[Effects of hydrogen rich water on the expression of Nrf 2 and the oxidative stress in rats with traumatic brain injury].
Zhonghua Wei Zhong Bing Ji Jiu Yi Xue. 2015 Nov ;27(11):911-5. PMID: 27132459
OBJECTIVE: To investigate the effects of hydrogen rich water on the expression of nuclear factor erythroid 2-related factor 2 (Nrf2) and oxidative stress in rats with traumatic brain injury (TBI).
METHODS: Ninety healthy male Sprague-Dawley (SD) rats were randomly divided into sham operation group, TBI group and hydrogen rich water treatment group (HW group), with 30 rats in each group. TBI model was reproduced by the modified Feeney weight dropping method. The skulls of rats in sham operation group underwent only craniotomy without direct hit. The rats in HW group received brain injury by hitting after craniotomy, followed by injection of hydrogen rich water (5 mL/kg) intraperitoneally once a day for 5 days after successful reproduction of the model. The rats in sham operation group and TBI group were given an equal amount of normal saline in same manner. Six rats from each group were sacrificed at 6, 12, 24, 48 hours and 5 days after evaluating neurological severity scores (NSS). The brain tissue in injured ipsilateral cortex was harvested. The activity of catalase (CAT), glutathione peroxidase (GSH-Px), and content of malondialdehyde (MDA) were determined by spectrophotometry. The expressions of mRNA and nucleoprotein of Nrf2 were determined by quantitative real-time polymerase chain reaction (RT-qPCR) and Western Blot.
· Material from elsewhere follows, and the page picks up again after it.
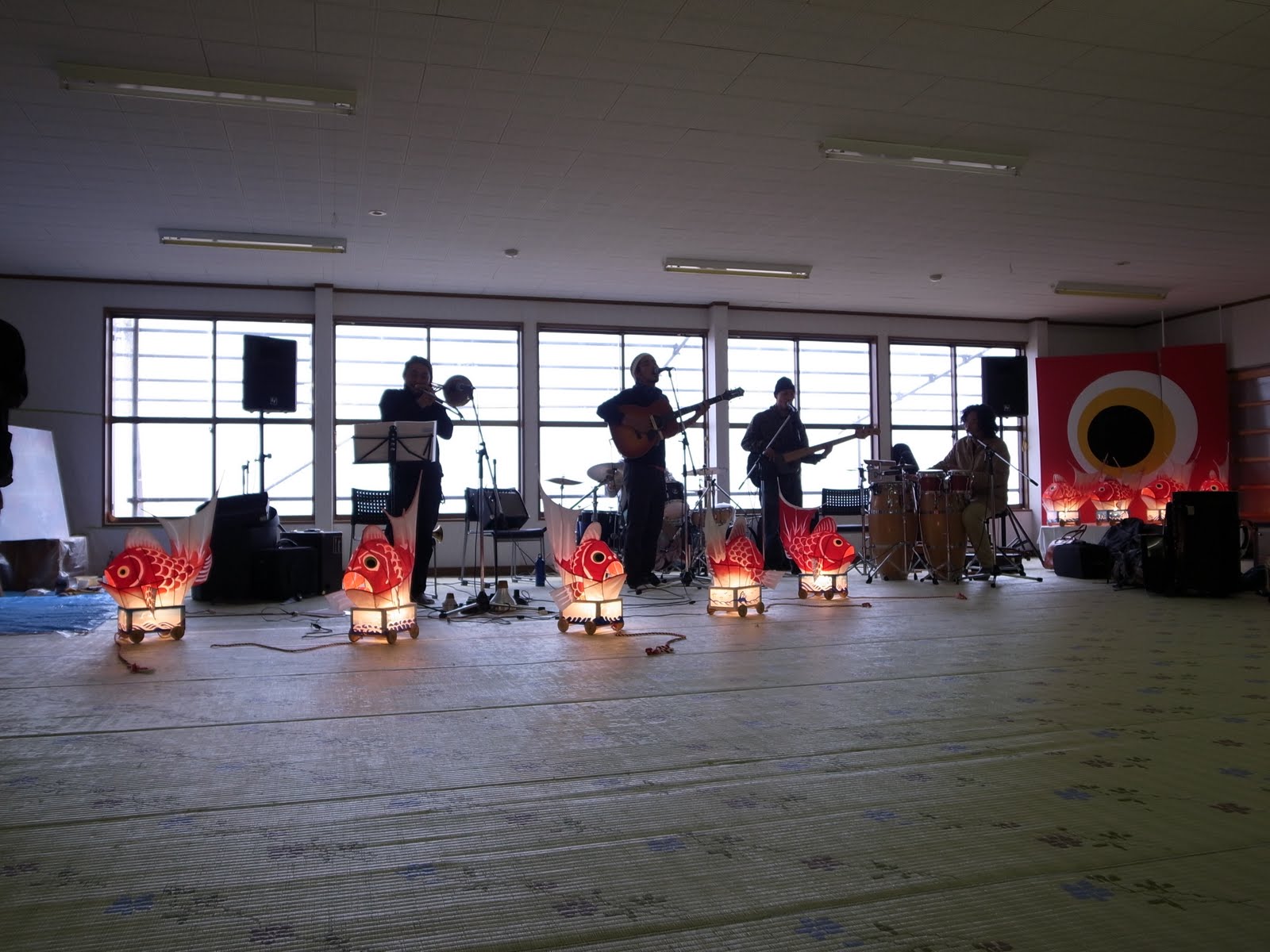 土日は会場の浜茶屋でライブがあったのですが、 鯛車のあかりでアーティストが音楽を披露しました。 もちろん初めての試みです。 |

The pathological changes were observed with microscopy after hematoxylin and cosin (HE) staining.
RESULTS: (1) NSS score: compared with TBI group, NSS in HW group at 12, 24, 48 hours and 5 days were significantly decreased (12 hours: 9.83± 2.32 vs. 13.17 ± 2.71, 24 hours: 9.83 ± 2.79 vs. 13.50 ± 2.43, 48 hours: 7.50 ± 2.07 vs. 11.83 ± 2.14, 5 days: 5.50 ± 1.87 vs. 10.50 ± 2.43, all P<0.05). (2) Compared with sham operation group, the activity of GSH-Px and CAT in TBI group were markedly declined after operation, while the MDA content was elevated significantly, especially at 24 hours [CAT (kU/g): 1.080± 0.312 vs. 3.571 ± 0.758, GSH-Px (kU/g): 9.195 ± 3.173 vs. 32.385 ± 10.619; MDA (µmol/g): 12.282 ± 2.896 vs. 4.349 ± 1.511, all P<0.01]. Compared with TBI group, the parameters in HW group were improved, and they were similar as sham operation group. (3) RT-qPCR: no significant difference was found in the expression of Nrf2 mRNA at each time point in three groups. (4) Western Blot: the expression of Nrf2 nucleoprotein (gray value) in TBI group was apparently higher than that in sham operation group, and peaked at 24 hours (0.703± 0.262 vs. 0.238 ± 0.120, P<0.05), and the expression in HW group was obviously higher than that in TBI group, especially at 24 hours (1.110± 0.372 vs. 0.703 ± 0.262, P<0.05). (5) HE staining: the brain structure in sham operation group was found to be intact. However, there were different degrees of pathological changes at each time in TBI group, especially at 24 hours. The pathological damage of brain tissue in HW group was significantly milder.
CONCLUSIONS: Hydrogen rich water can up-regulate the expression of Nrf2, and reduce oxidative damage of traumatic brain injury in rats. Nrf2 can up-regulate the expression of its downstream antioxidant enzymes, which may be the mechanism of the upregulation expression of Nrf2 in the study.